:: INPUT RECORDS ::
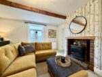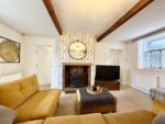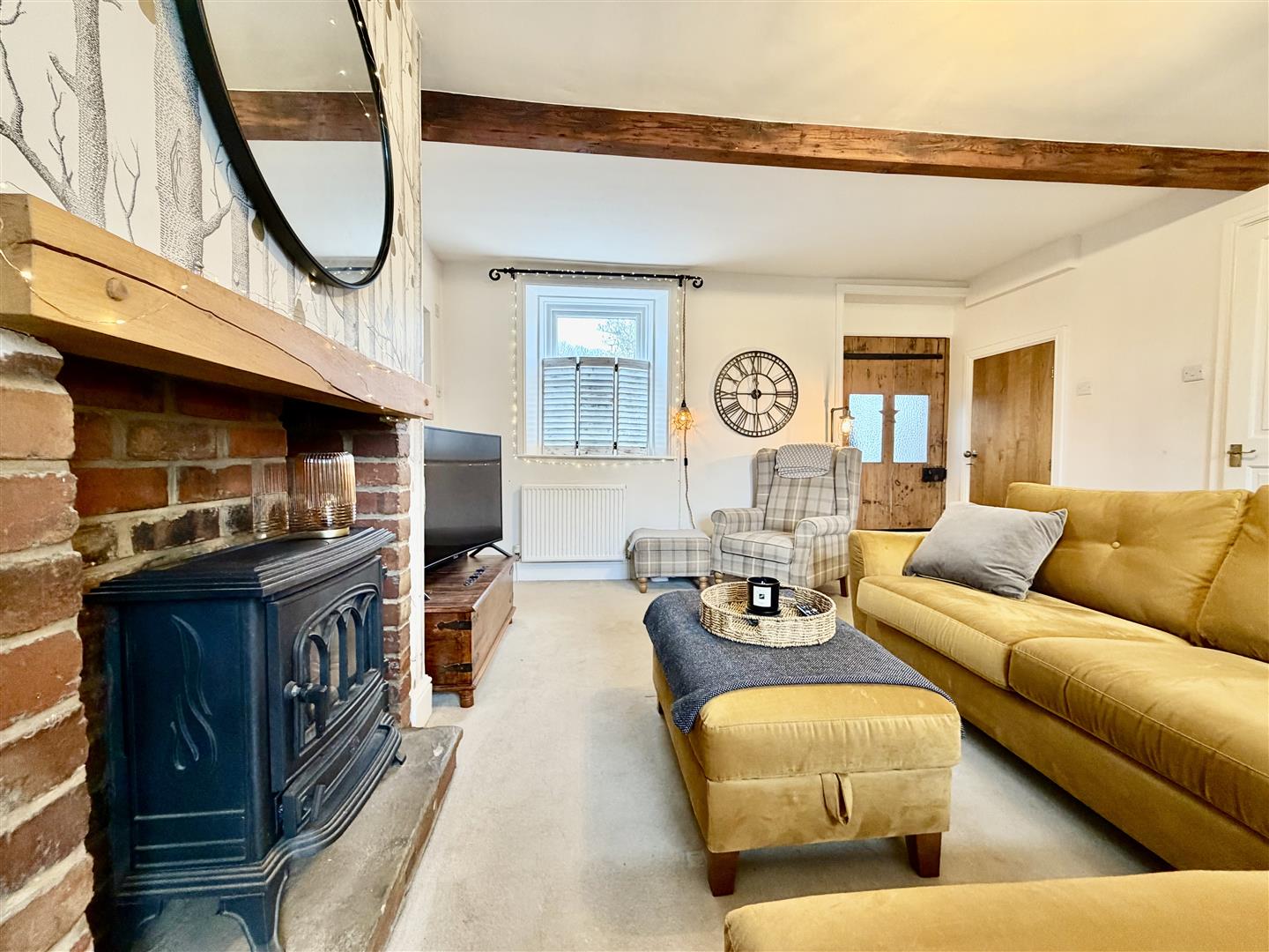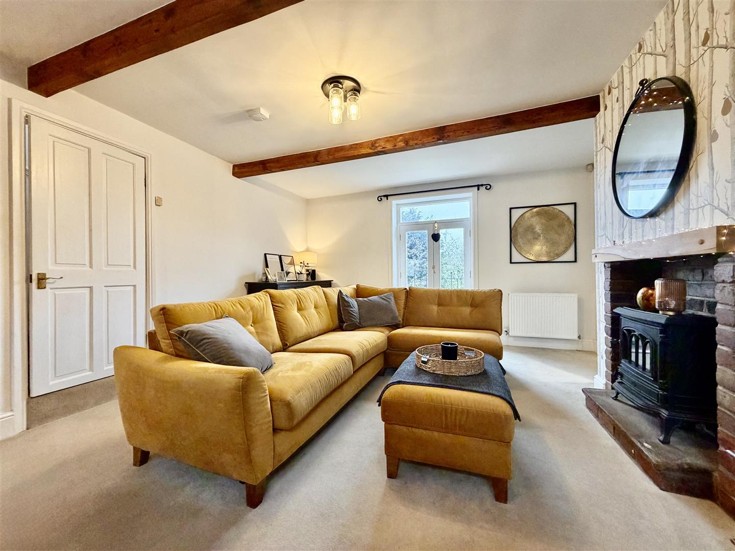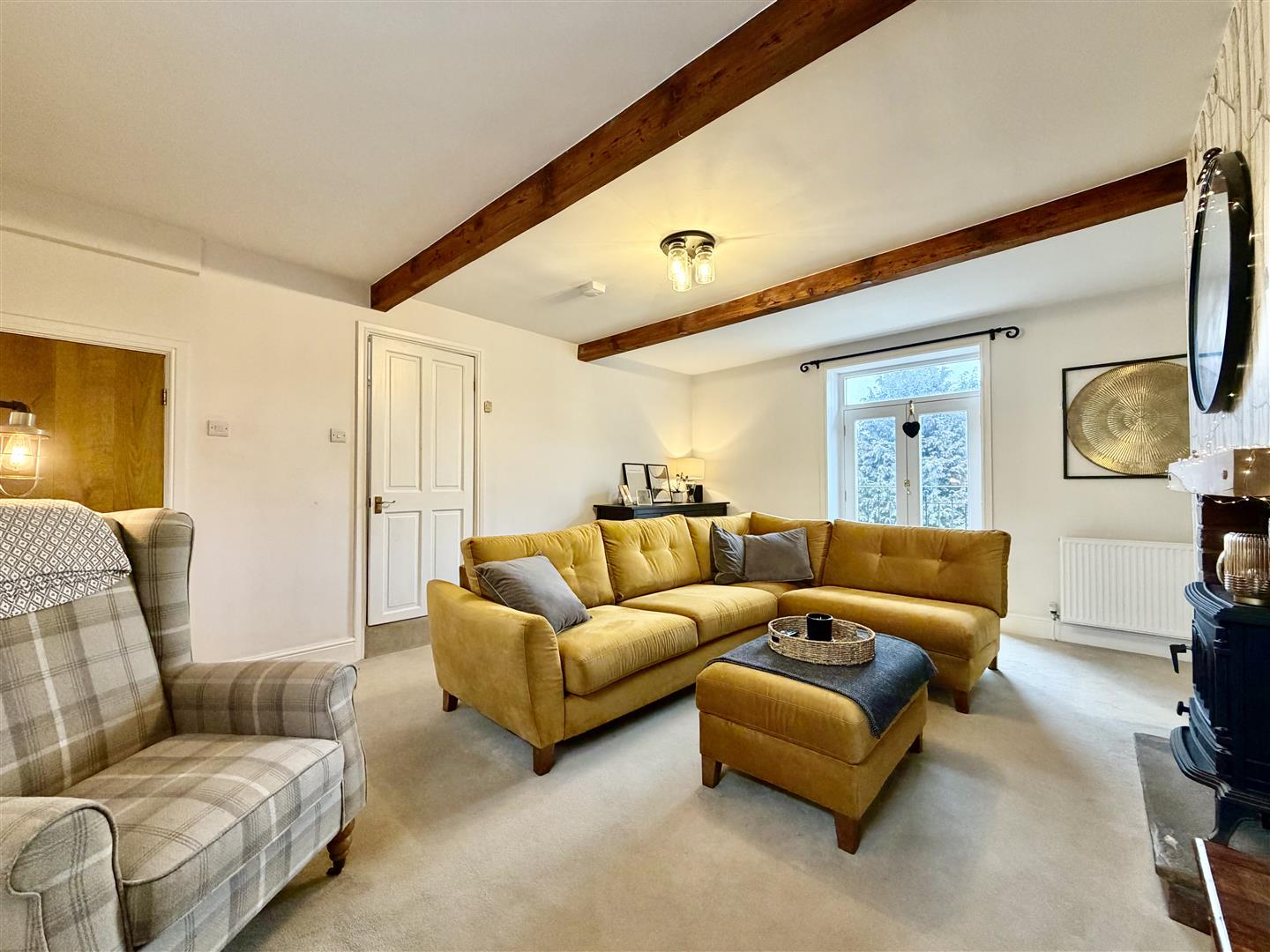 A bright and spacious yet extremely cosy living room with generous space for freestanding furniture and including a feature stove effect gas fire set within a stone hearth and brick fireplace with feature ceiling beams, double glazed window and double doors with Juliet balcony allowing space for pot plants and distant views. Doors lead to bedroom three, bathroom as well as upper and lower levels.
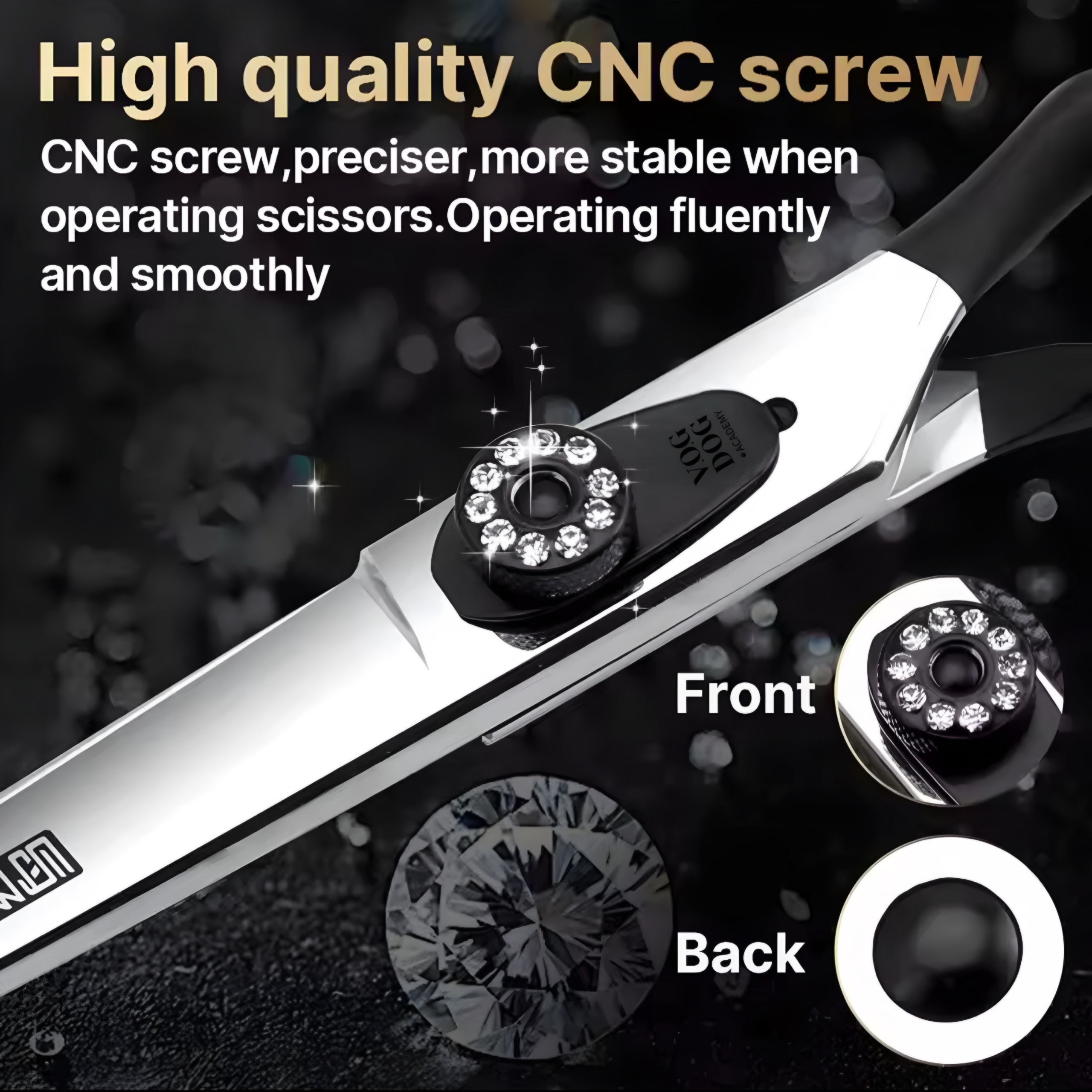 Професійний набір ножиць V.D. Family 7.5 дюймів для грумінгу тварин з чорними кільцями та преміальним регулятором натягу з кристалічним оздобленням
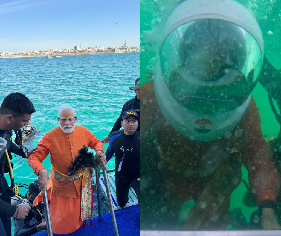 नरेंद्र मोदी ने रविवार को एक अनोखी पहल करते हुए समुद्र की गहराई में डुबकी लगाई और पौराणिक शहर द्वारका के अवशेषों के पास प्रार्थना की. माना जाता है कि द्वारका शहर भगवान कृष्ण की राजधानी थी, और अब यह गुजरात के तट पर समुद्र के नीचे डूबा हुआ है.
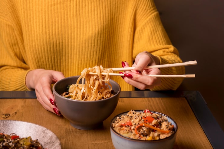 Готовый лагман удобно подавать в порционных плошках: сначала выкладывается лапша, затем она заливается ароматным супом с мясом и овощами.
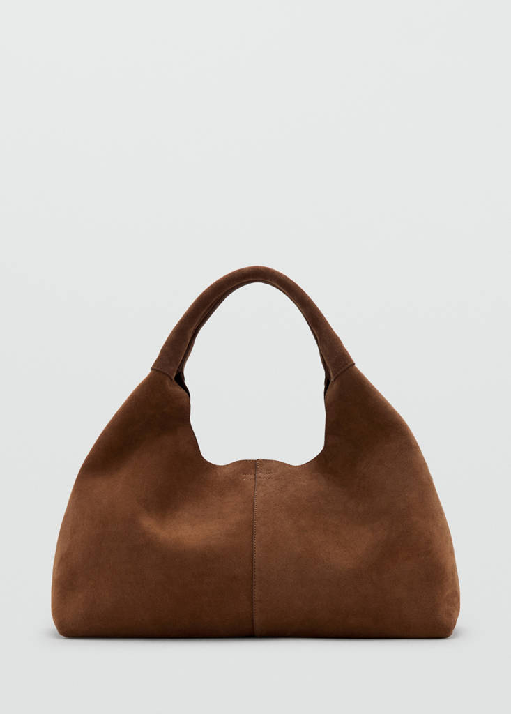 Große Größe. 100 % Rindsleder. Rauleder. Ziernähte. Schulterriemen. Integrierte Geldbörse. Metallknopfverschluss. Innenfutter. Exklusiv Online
:::
Beginning with the line that contains "Професійний набір ножиць" in the data above, please copy each line exactly until the last line, both ends included, skipping any pictures.

 Професійний набір ножиць V.D. Family 7.5 дюймів для грумінгу тварин з чорними кільцями та преміальним регулятором натягу з кристалічним оздобленням
 नरेंद्र मोदी ने रविवार को एक अनोखी पहल करते हुए समुद्र की गहराई में डुबकी लगाई और पौराणिक शहर द्वारका के अवशेषों के पास प्रार्थना की. माना जाता है कि द्वारका शहर भगवान कृष्ण की राजधानी थी, और अब यह गुजरात के तट पर समुद्र के नीचे डूबा हुआ है.
 Готовый лагман удобно подавать в порционных плошках: сначала выкладывается лапша, затем она заливается ароматным супом с мясом и овощами.
 Große Größe. 100 % Rindsleder. Rauleder. Ziernähte. Schulterriemen. Integrierte Geldbörse. Metallknopfverschluss. Innenfutter. Exklusiv Online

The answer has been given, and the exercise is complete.